Monitoring wildlife in the field today relies heavily on battery-powered devices, like GPS collars or acoustic recorders. However, such devices are often deployed in remote environments, where battery replacement and data retrieval can be labour-intensive and time-consuming. Moving away from battery-powered field devices could radically reduce the environmental footprint and labour cost of wildlife monitoring. The rise of batteryless energy-harvesting platforms could enable ultra-low-power, long-term, maintenance-free deployments. However, existing battery-less devices are severely constrained, often unable to perform meaningful on-device computation such as ML inference or high-frequency audio capture.
This project explores the development of next-generation, battery-less wildlife monitoring platforms using Riotee, an open-source platform purpose-built for intermittent computing. Riotee integrates energy harvesting with a powerful Cortex-M4 MCU and full SDK for managing state-saving, redundancy, and graceful resume from power failures.

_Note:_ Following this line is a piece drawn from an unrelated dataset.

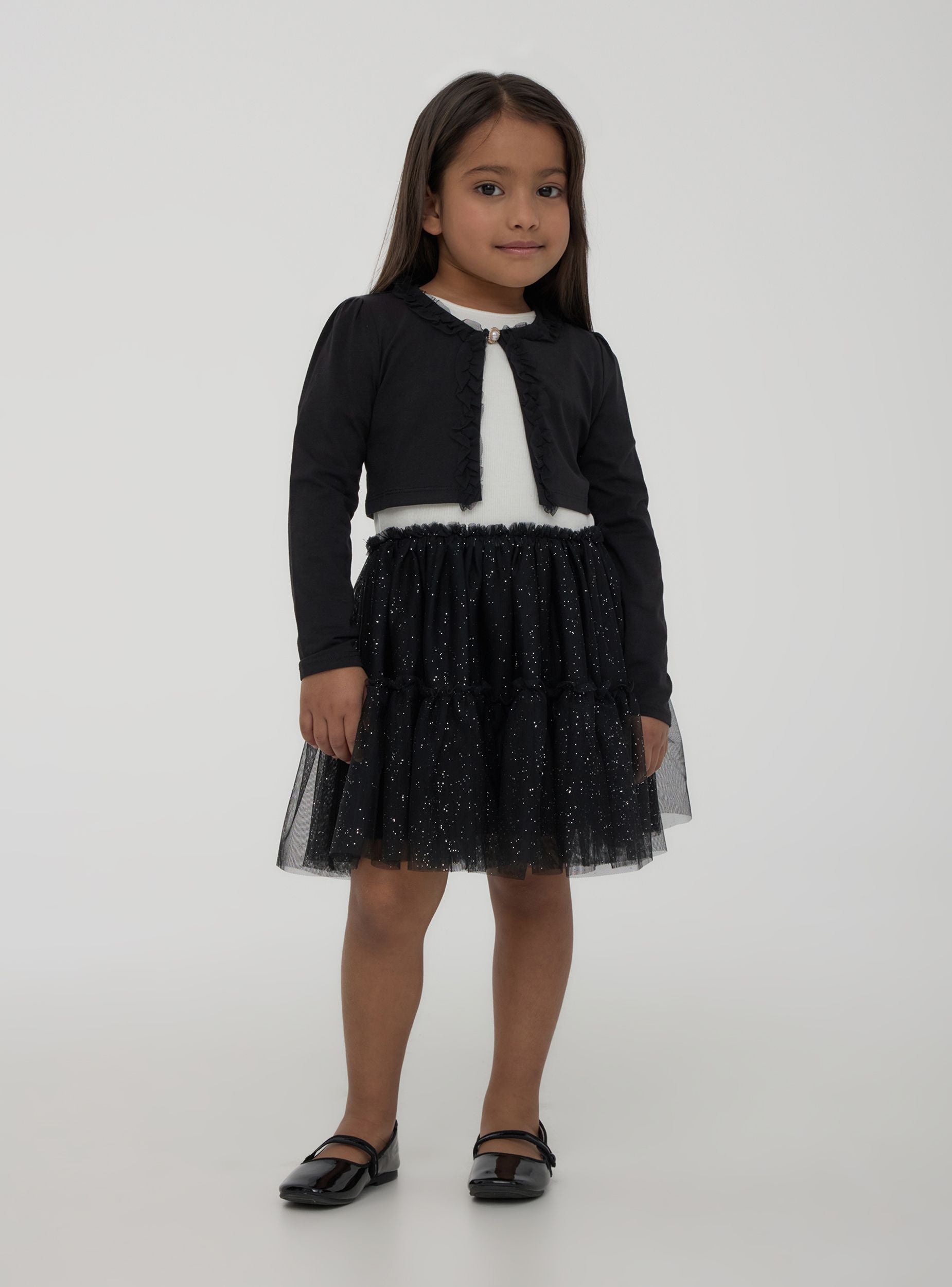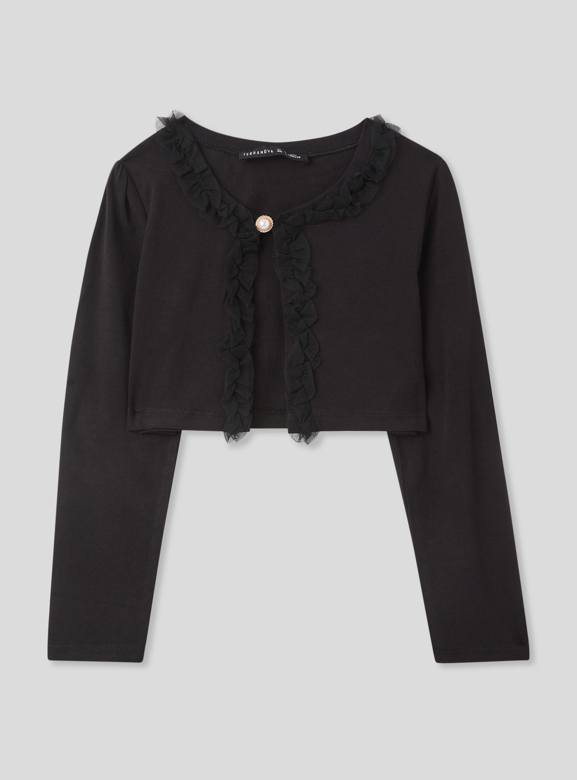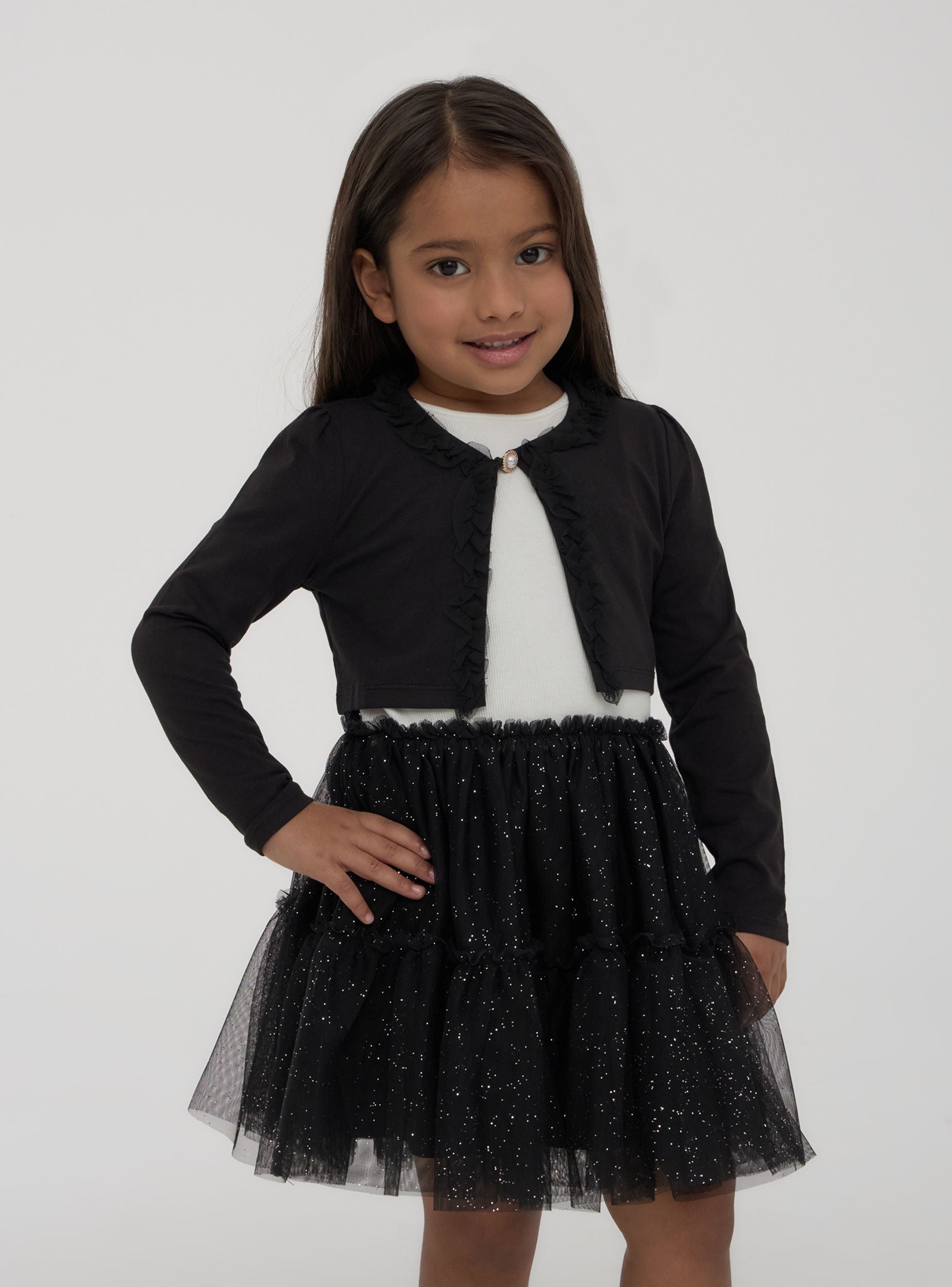 Coprispalle da bambina dal design elegante e versatile, ideale per completare outfit con un tocco raffinato. Le maniche lunghe e il taglio corto lo rendono perfetto per essere indossato sopra abiti o maglie, garantendo comfort e stile. La decorazione sul davanti dona un effetto delicato e femminile, mentre il taglio ben definito valorizza la silhouette con semplicità.

The project could involve work on one or more of the following areas:
- SDK tooling: developing a user-friendly C/Rust SDK that integrates audio recording, ML-based data processing, scheduling, and wireless communication into a unified and easily configurable framework for non-technical users in conservation and ecology.
- GPS tracking: building a hardware/software solution using Riotee for wildlife tracking, harvesting energy from both motion and solar.
- Acoustic monitoring: exploring the feasibility of bioacoustic monitoring on Riotee, quantifying the trade-off between scalability/lifetime and ecological data yield.
- On-device ML: adapting or training lightweight ML models to fit within Rioteeās memory and energy budgets, and intermittent compute runtime.
This project would suit a student interested in low-power hardware and/or applied ML. Prior experience with C and embedded programming would be helpful, but the desire to get your hands dirty with low-level debugging is essential!